When you restate the entries that follow, keep every word exactly and drop the pictures.

====

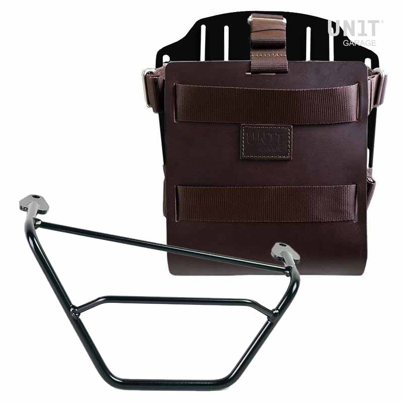 Taschenhalter aus Aluminium mit verstellbarer Lederfront, Schnellkupplung und Rahmen
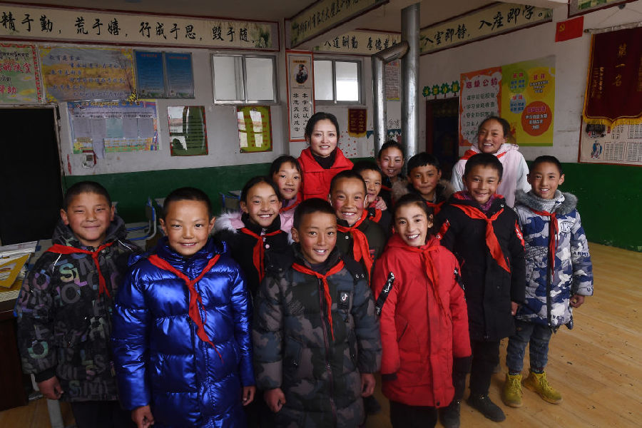面對(duì)高寒缺氧,瘦弱的達(dá)哇才吉沒(méi)有退卻。不到半年,她就成為孩子們最喜歡的老師之一。除了日常教學(xué),生活中她還是孩子們的“大姐姐”,和其他老師一起照顧著37個(gè)寄宿學(xué)生的起居。
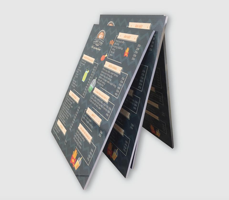 Menu gấp ba là một dạng menu được in ấn trên giấy có thể gấp lại thành ba phần bằng nhau. Điều này giúp cho khách hàng dễ dàng xem và lựa chọn các món ăn mà không cần phải mở toàn bộ menu, giúp tiết kiệm thời gian và tăng tính tiện lợi. Menu gấp ba được sử dụng trong các nhà hàng, quán ăn hoặc quán cafe có không gian hạn chế và thường được sử dụng rộng rãi trong các buổi tiệc cưới, sự kiện và hội nghị.
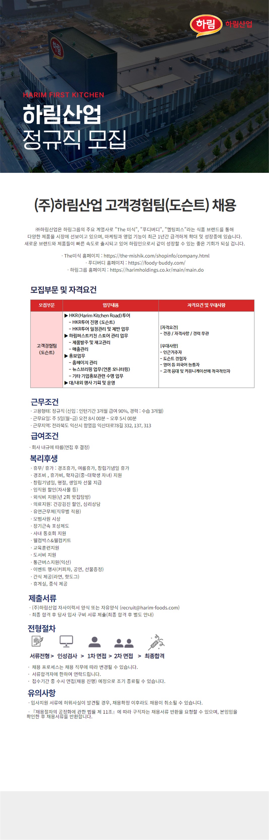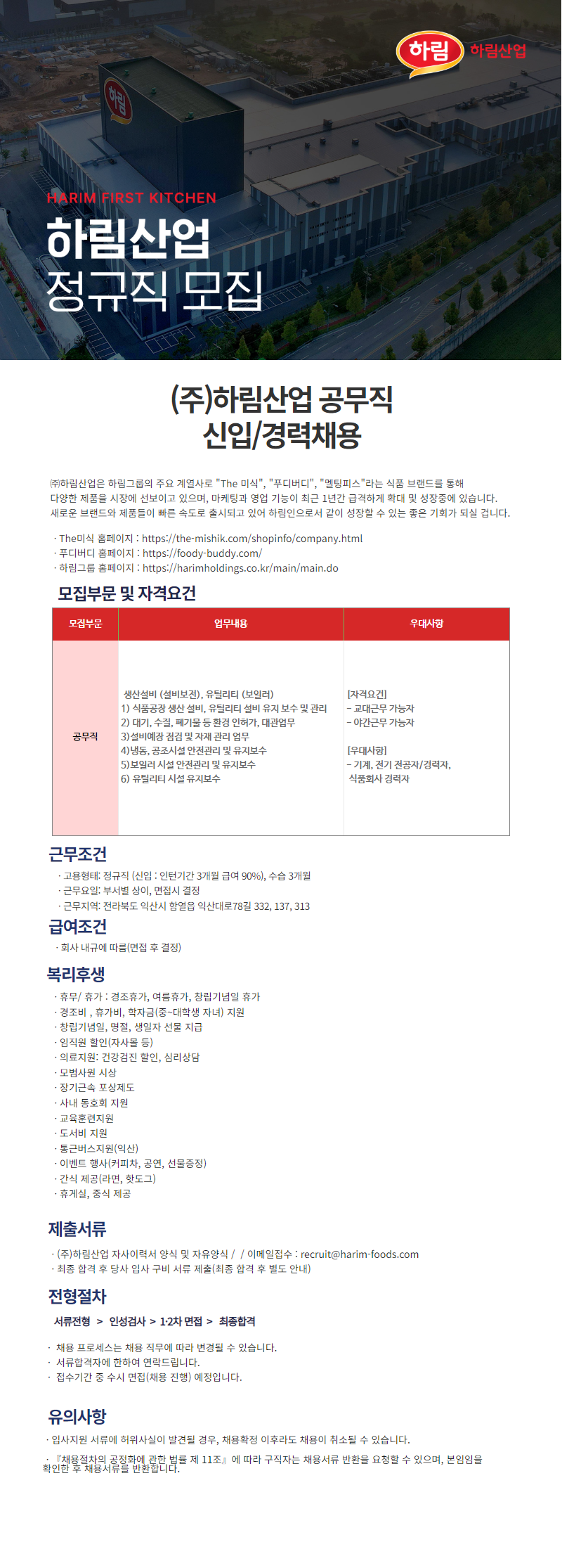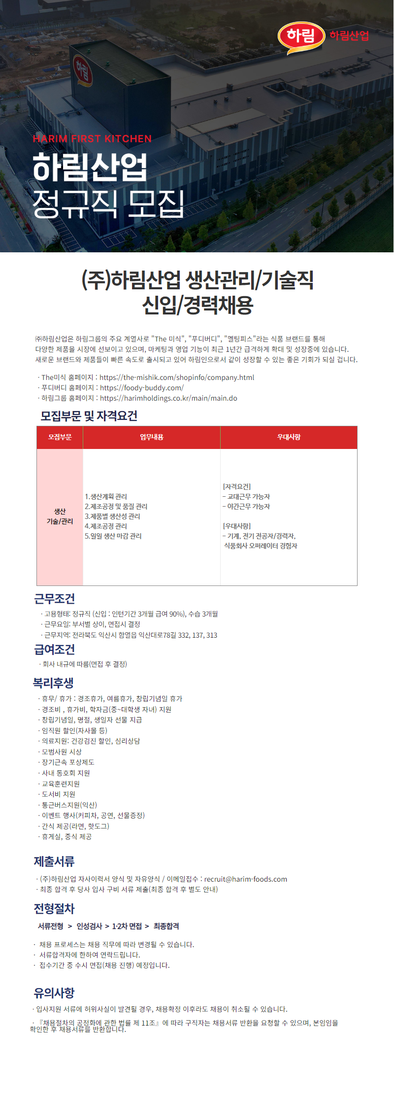 [지원방법] 이메일 지원 : recruit@harim-foods.com 하림산업 자사이력서 or 자유양식
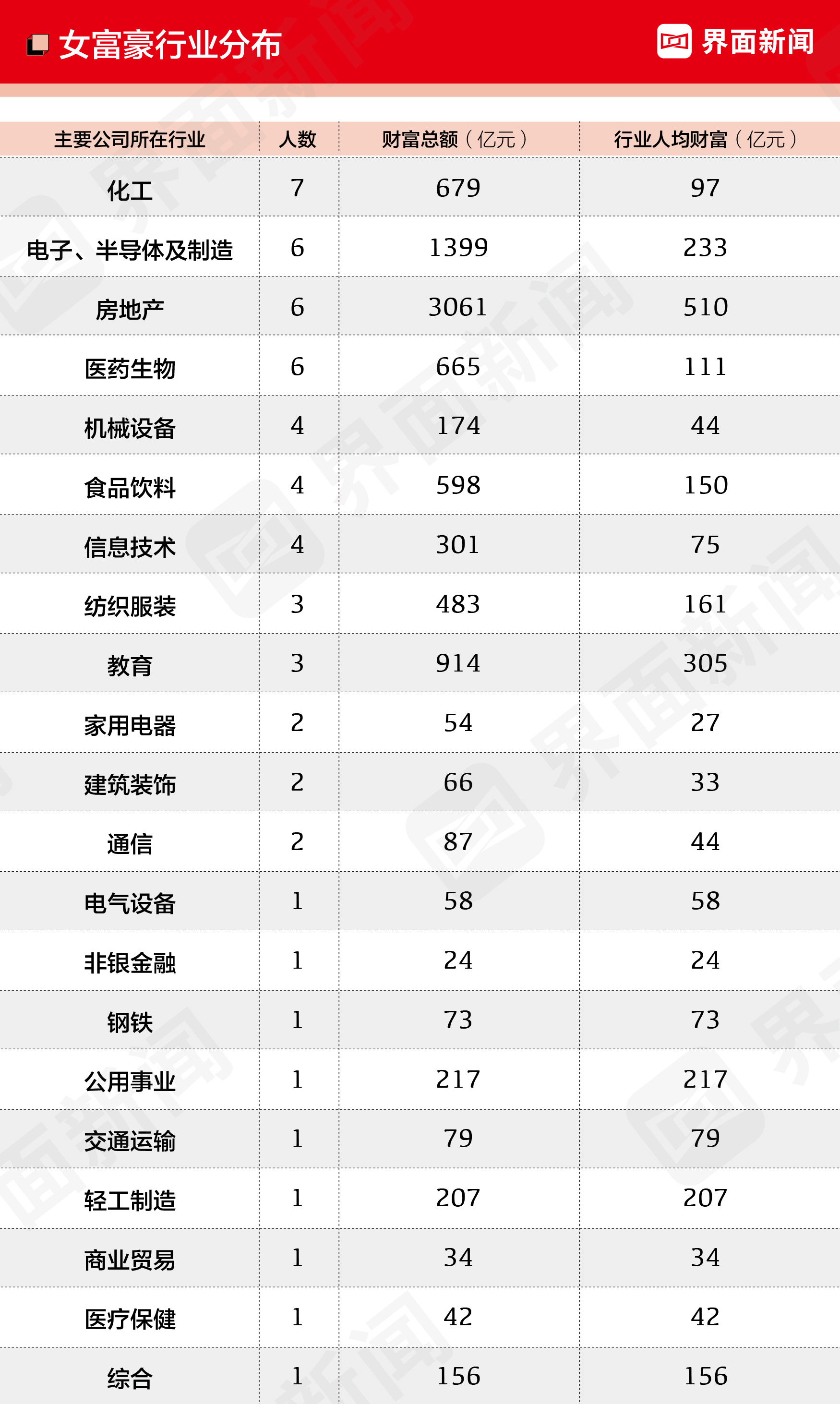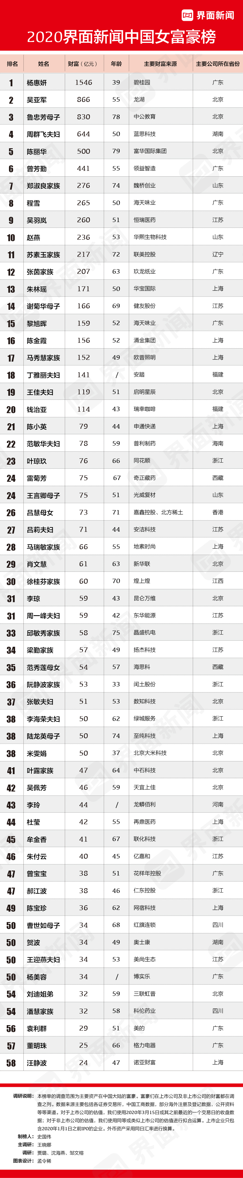 界面新闻第三年推出中国女富豪榜。新冠肺炎疫情之下,中国经济所面临的内外部压力持续走强,各行业各领域都经受了不同程度的打击,但也有诸如在线教育、生鲜电商、物流配送以及远程办公等互联网企业受此次疫情中非但毫发无损,反而大放异彩。
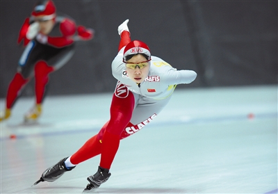 2月21日,中国选手付春艳在比赛中。当日,在第24届世界大学生冬季运动会速度滑冰女子3000米决赛中,中国选手付春艳以4分15秒73的成绩获得冠军。新华社记者 刘大伟 摄
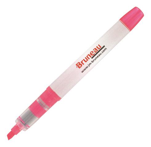 - En forme de stylo, le surligneur signé Bruneau est pratique pour marquer un passage important, souligner, écrire en toute aisance. Grâce à son encre liquide de couleurs vives, ce modèle s’utilise sur tout type de papier. Si le capuchon protège sa pointe, le système de régulation d’encre assure un débit précis lors de l’écriture. La pointe biseautée, quant à elle, permet une largeur de trait variant de 1 à 3,5 mm. Ce produit est disponible en 5 couleurs d’encre différents au choix : bleu, vert, rose, jaune et orange.
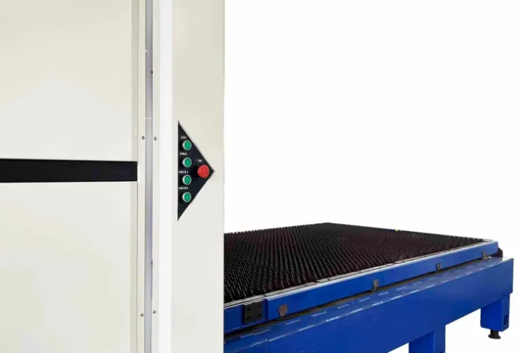 The laser cutting machine is enclosed in a protective housing, providing maximum safety during operation.
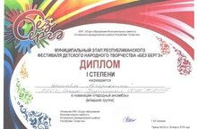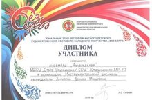 26 марта прошел муниципальный этап Республиканского фестиваля детского народного творчества «Без бергэ». Ансамбль «Акчарлаклар» в номинации «Инструментальный ансамбль», руководитель Хафизова Дамира Мунировна, заняли 1 место. Поздравляем! Желаем удачного выступления на зональном этапе.

====

◆ Answer section ◆
 Taschenhalter aus Aluminium mit verstellbarer Lederfront, Schnellkupplung und Rahmen
面對(duì)高寒缺氧,瘦弱的達(dá)哇才吉沒(méi)有退卻。不到半年,她就成為孩子們最喜歡的老師之一。除了日常教學(xué),生活中她還是孩子們的“大姐姐”,和其他老師一起照顧著37個(gè)寄宿學(xué)生的起居。
 Menu gấp ba là một dạng menu được in ấn trên giấy có thể gấp lại thành ba phần bằng nhau. Điều này giúp cho khách hàng dễ dàng xem và lựa chọn các món ăn mà không cần phải mở toàn bộ menu, giúp tiết kiệm thời gian và tăng tính tiện lợi. Menu gấp ba được sử dụng trong các nhà hàng, quán ăn hoặc quán cafe có không gian hạn chế và thường được sử dụng rộng rãi trong các buổi tiệc cưới, sự kiện và hội nghị.
 [지원방법] 이메일 지원 : recruit@harim-foods.com 하림산업 자사이력서 or 자유양식
 界面新闻第三年推出中国女富豪榜。新冠肺炎疫情之下,中国经济所面临的内外部压力持续走强,各行业各领域都经受了不同程度的打击,但也有诸如在线教育、生鲜电商、物流配送以及远程办公等互联网企业受此次疫情中非但毫发无损,反而大放异彩。
 2月21日,中国选手付春艳在比赛中。当日,在第24届世界大学生冬季运动会速度滑冰女子3000米决赛中,中国选手付春艳以4分15秒73的成绩获得冠军。新华社记者 刘大伟 摄
 - En forme de stylo, le surligneur signé Bruneau est pratique pour marquer un passage important, souligner, écrire en toute aisance. Grâce à son encre liquide de couleurs vives, ce modèle s’utilise sur tout type de papier. Si le capuchon protège sa pointe, le système de régulation d’encre assure un débit précis lors de l’écriture. La pointe biseautée, quant à elle, permet une largeur de trait variant de 1 à 3,5 mm. Ce produit est disponible en 5 couleurs d’encre différents au choix : bleu, vert, rose, jaune et orange.
 The laser cutting machine is enclosed in a protective housing, providing maximum safety during operation.
 26 марта прошел муниципальный этап Республиканского фестиваля детского народного творчества «Без бергэ». Ансамбль «Акчарлаклар» в номинации «Инструментальный ансамбль», руководитель Хафизова Дамира Мунировна, заняли 1 место. Поздравляем! Желаем удачного выступления на зональном этапе.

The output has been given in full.